• Exercise goal
For each entry below, write an exact copy and leave out the images.

• Items from a dataset

────

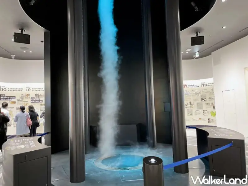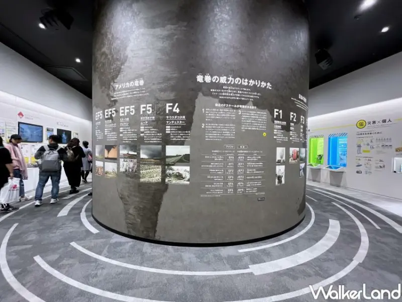 館內最特別的亮點,就是在第1層樓的展區當中,設有日本最大的龍捲風裝置,可以親眼看見龍捲風如何形成,並置身在小型龍捲風當中感受強風的威力,四周的牆面上不只佈滿了與龍捲風相關的科學現象,還有被暱稱為「龍捲風先生」的知名氣象學者「藤田哲也」所發表的許多觀察研究及解說。
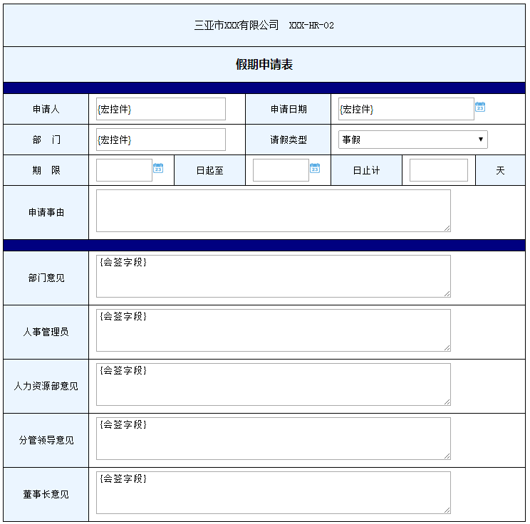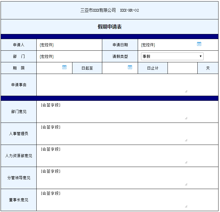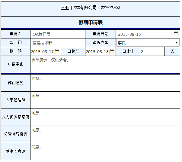 最终设计的表单效果截图。大家可以看出,每个控件和所在的表格都是严丝合缝的对齐(参看请假类型控件的边框,其他控件无边框看不出来,并且取消)了控件边框,让控件完全融入了表单中了。其中,日期控件的宽度和关联的单行文本框的宽度之和,正好等于所在表格的宽度,而且能够完全呈现日期内容。
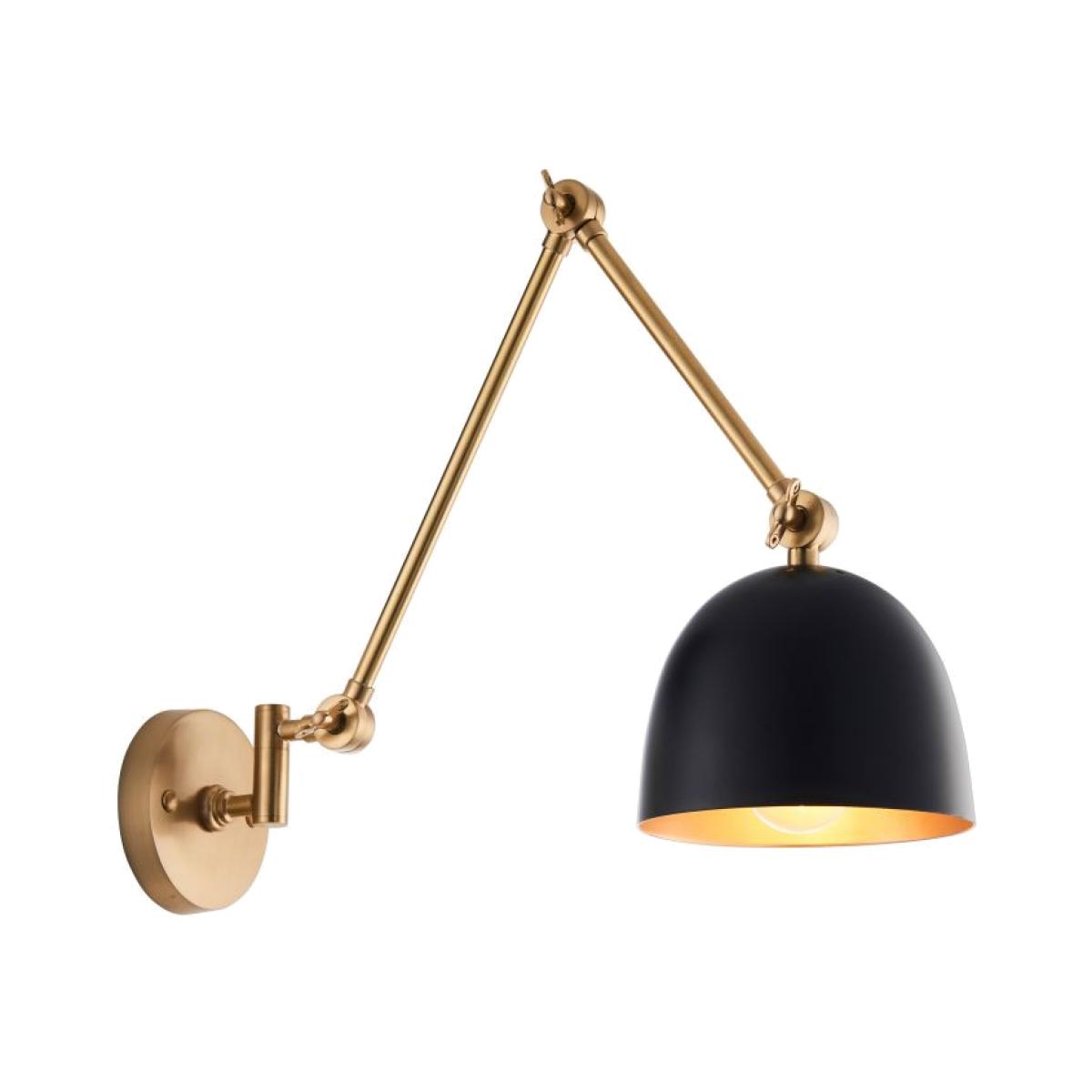 The perfect design statement, with fully adjustable arms, position either side of your bed or as a task light above a kitchen work top. This wall light constructed in brass with a striking combination of antique finish, with authentic knurled cast details and smart 'on-trend' matt black painted shade.
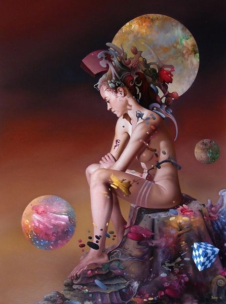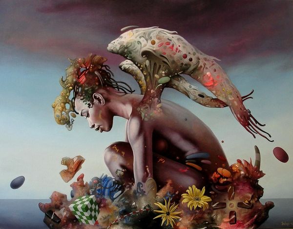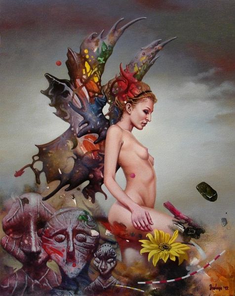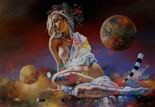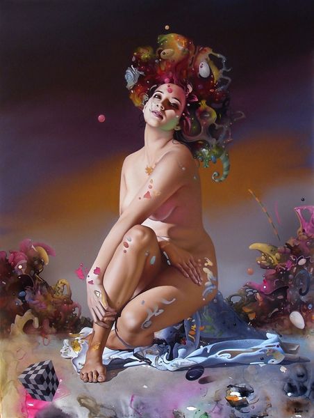 Curator: Here we have "Poverenje," a 2018 acrylic on canvas painting by Dragan Ilić Di Vogo. What’s your initial read on this one? Editor: There's a strange dreaminess here, almost unsettling. The reclining nude feels quite traditional in pose, but the composition… the strange floating elements...it gives an oneiric effect. Curator: Absolutely. The formal elements really work to destabilize our reading of the figure. Note how the flesh tones are rendered with a soft, almost airbrushed quality, while the surreal, almost geological formations around her are treated with far more impasto and textural contrast. The whole structure exists on some form of artificial stage. Editor: Visually, there's a fascinating clash of symbols. The figure, of course, immediately recalls classical Venus figures, representations of love and beauty, however idealized. But it’s offset by floating forms such as the white dove—long a symbol of purity, truth and fidelity—orbiting a distorted, dying planet. The geometric shapes remind one of Cubist fragmentation and the uncertainty of the modern era. Curator: I agree. The painting offers a compelling visual and semiotic play. Let us also observe that, these elements add a layer of complexity to our interpretation of the artist's work, further accentuated through surrealism elements which are visible. Editor: It's interesting how the painting's title translates to "Trust". When considering the strange floating items which defy gravity and space, one has to wonder to what this trust is dedicated: is it toward someone else, or yourself? Is that trust, similarly, stable... or as precarious as these floating rocks? Curator: An incisive question that encapsulates the central tension within this piece, doesn’t it? We witness traditional forms subverted. Di Vogo invites the viewer to reconsider trust, identity, and ultimately the gaze itself, from a radically modern standpoint. Editor: Ultimately, despite the surreal and somewhat unsettling aspects, there's a tranquility here, like a strange lullaby playing. This painting stays with you, even after you’ve stopped looking. Curator: Precisely. A lingering resonance – the sign of truly evocative composition.
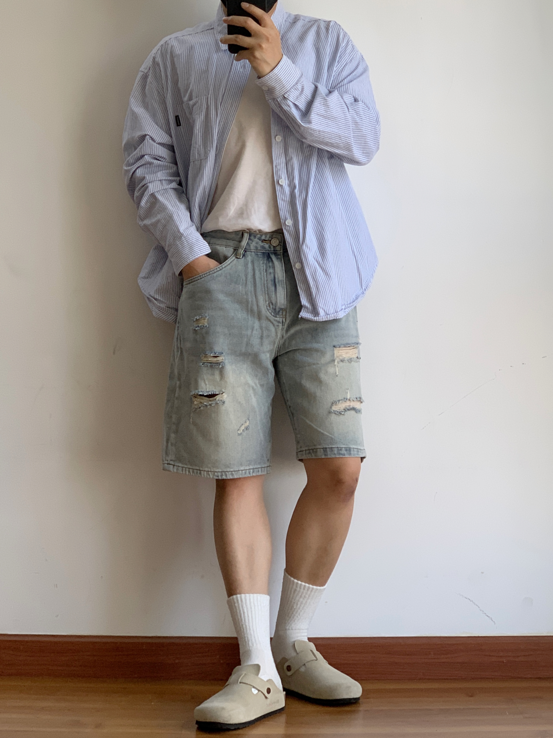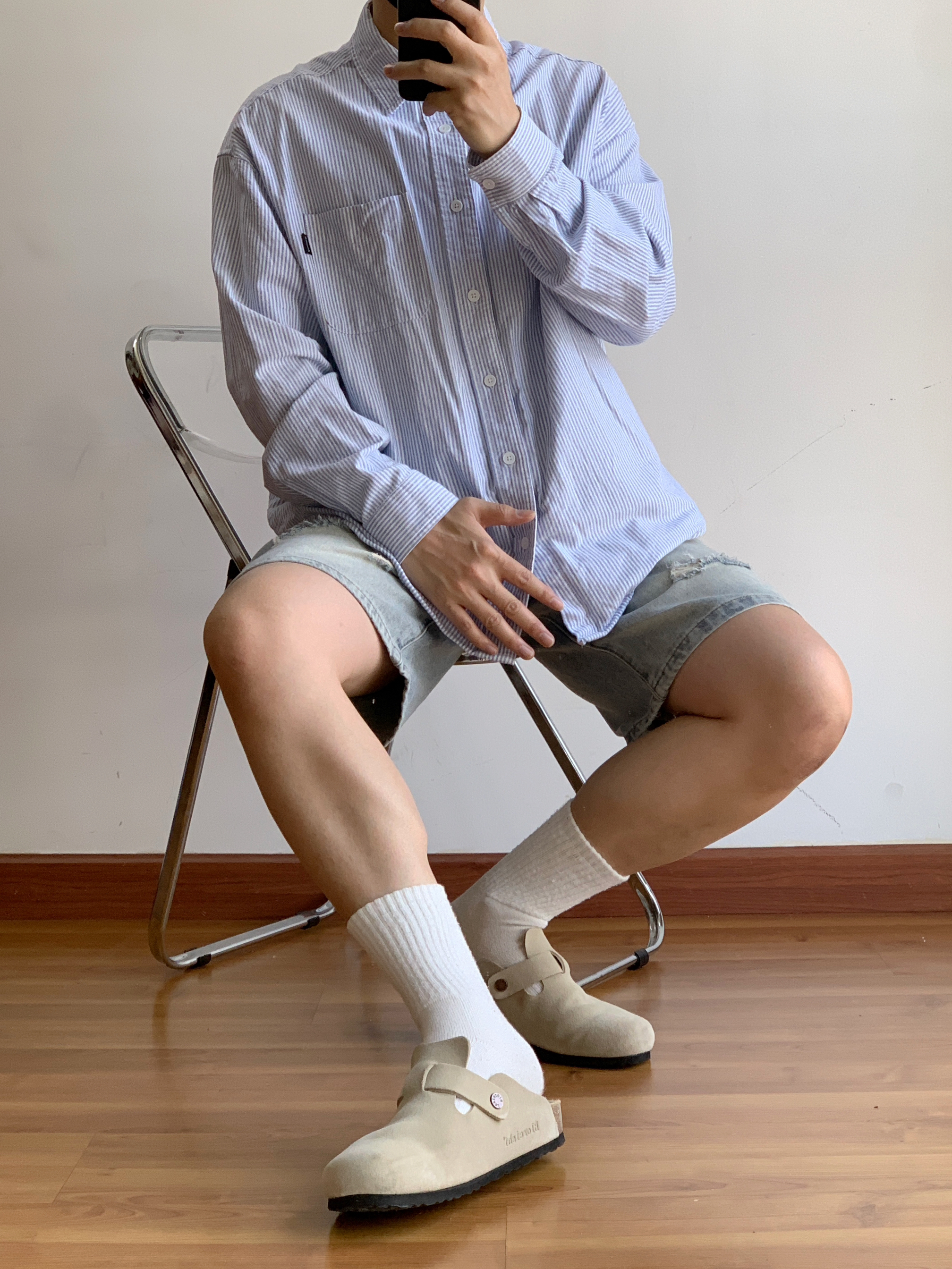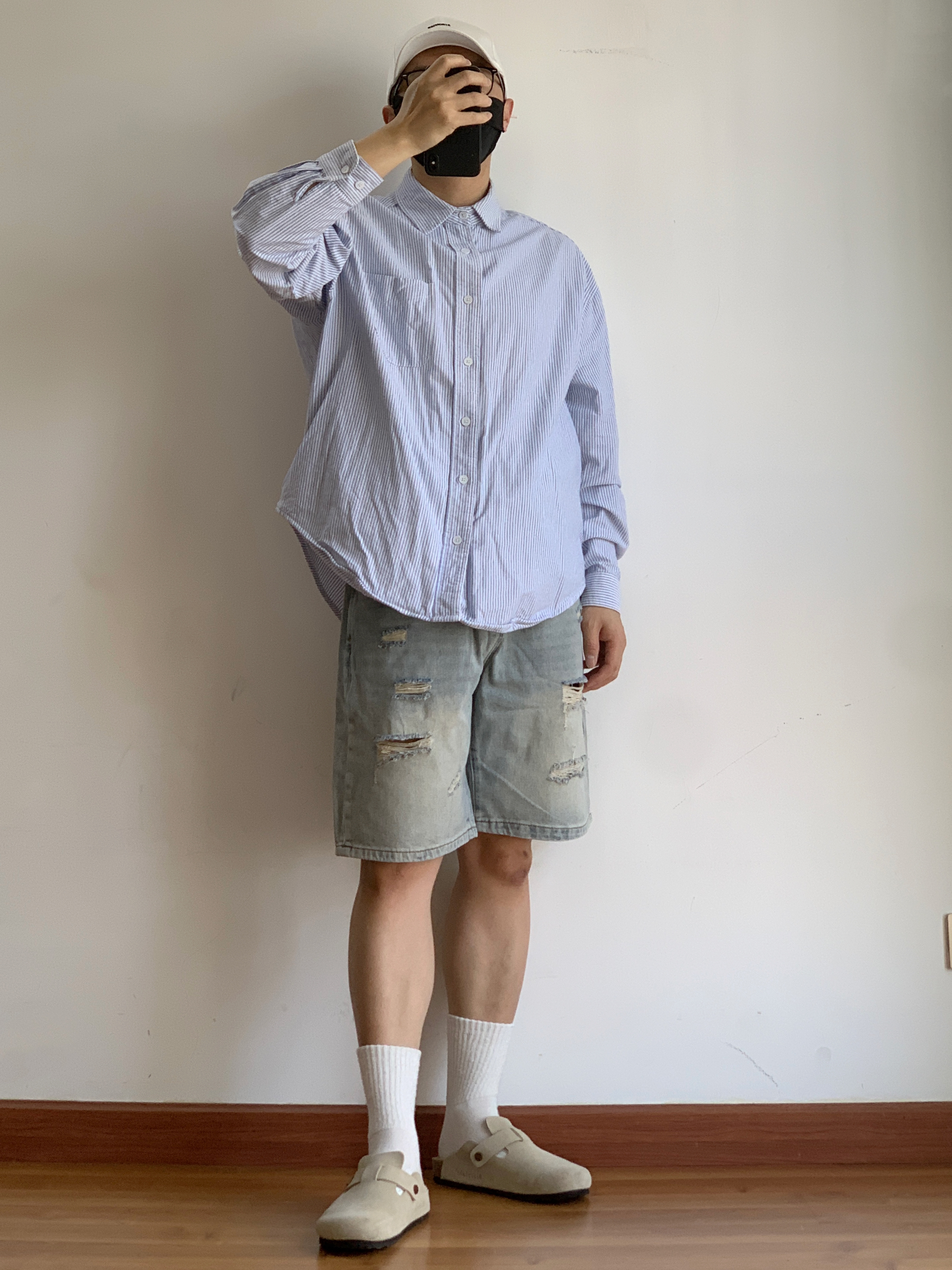 身高|体重:175/70 🧍♂️ 穿搭风格:休闲cityboy 👔 上衣:蓝色条纹衬衫 👖 下装:冰蓝牛仔裤 🩴 拖鞋:沙色勃肯拖 🎒配饰:

────

• Response area
 館內最特別的亮點,就是在第1層樓的展區當中,設有日本最大的龍捲風裝置,可以親眼看見龍捲風如何形成,並置身在小型龍捲風當中感受強風的威力,四周的牆面上不只佈滿了與龍捲風相關的科學現象,還有被暱稱為「龍捲風先生」的知名氣象學者「藤田哲也」所發表的許多觀察研究及解說。
 最终设计的表单效果截图。大家可以看出,每个控件和所在的表格都是严丝合缝的对齐(参看请假类型控件的边框,其他控件无边框看不出来,并且取消)了控件边框,让控件完全融入了表单中了。其中,日期控件的宽度和关联的单行文本框的宽度之和,正好等于所在表格的宽度,而且能够完全呈现日期内容。
 The perfect design statement, with fully adjustable arms, position either side of your bed or as a task light above a kitchen work top. This wall light constructed in brass with a striking combination of antique finish, with authentic knurled cast details and smart 'on-trend' matt black painted shade.
 Curator: Here we have "Poverenje," a 2018 acrylic on canvas painting by Dragan Ilić Di Vogo. What’s your initial read on this one? Editor: There's a strange dreaminess here, almost unsettling. The reclining nude feels quite traditional in pose, but the composition… the strange floating elements...it gives an oneiric effect. Curator: Absolutely. The formal elements really work to destabilize our reading of the figure. Note how the flesh tones are rendered with a soft, almost airbrushed quality, while the surreal, almost geological formations around her are treated with far more impasto and textural contrast. The whole structure exists on some form of artificial stage. Editor: Visually, there's a fascinating clash of symbols. The figure, of course, immediately recalls classical Venus figures, representations of love and beauty, however idealized. But it’s offset by floating forms such as the white dove—long a symbol of purity, truth and fidelity—orbiting a distorted, dying planet. The geometric shapes remind one of Cubist fragmentation and the uncertainty of the modern era. Curator: I agree. The painting offers a compelling visual and semiotic play. Let us also observe that, these elements add a layer of complexity to our interpretation of the artist's work, further accentuated through surrealism elements which are visible. Editor: It's interesting how the painting's title translates to "Trust". When considering the strange floating items which defy gravity and space, one has to wonder to what this trust is dedicated: is it toward someone else, or yourself? Is that trust, similarly, stable... or as precarious as these floating rocks? Curator: An incisive question that encapsulates the central tension within this piece, doesn’t it? We witness traditional forms subverted. Di Vogo invites the viewer to reconsider trust, identity, and ultimately the gaze itself, from a radically modern standpoint. Editor: Ultimately, despite the surreal and somewhat unsettling aspects, there's a tranquility here, like a strange lullaby playing. This painting stays with you, even after you’ve stopped looking. Curator: Precisely. A lingering resonance – the sign of truly evocative composition.
 身高|体重:175/70 🧍♂️ 穿搭风格:休闲cityboy 👔 上衣:蓝色条纹衬衫 👖 下装:冰蓝牛仔裤 🩴 拖鞋:沙色勃肯拖 🎒配饰:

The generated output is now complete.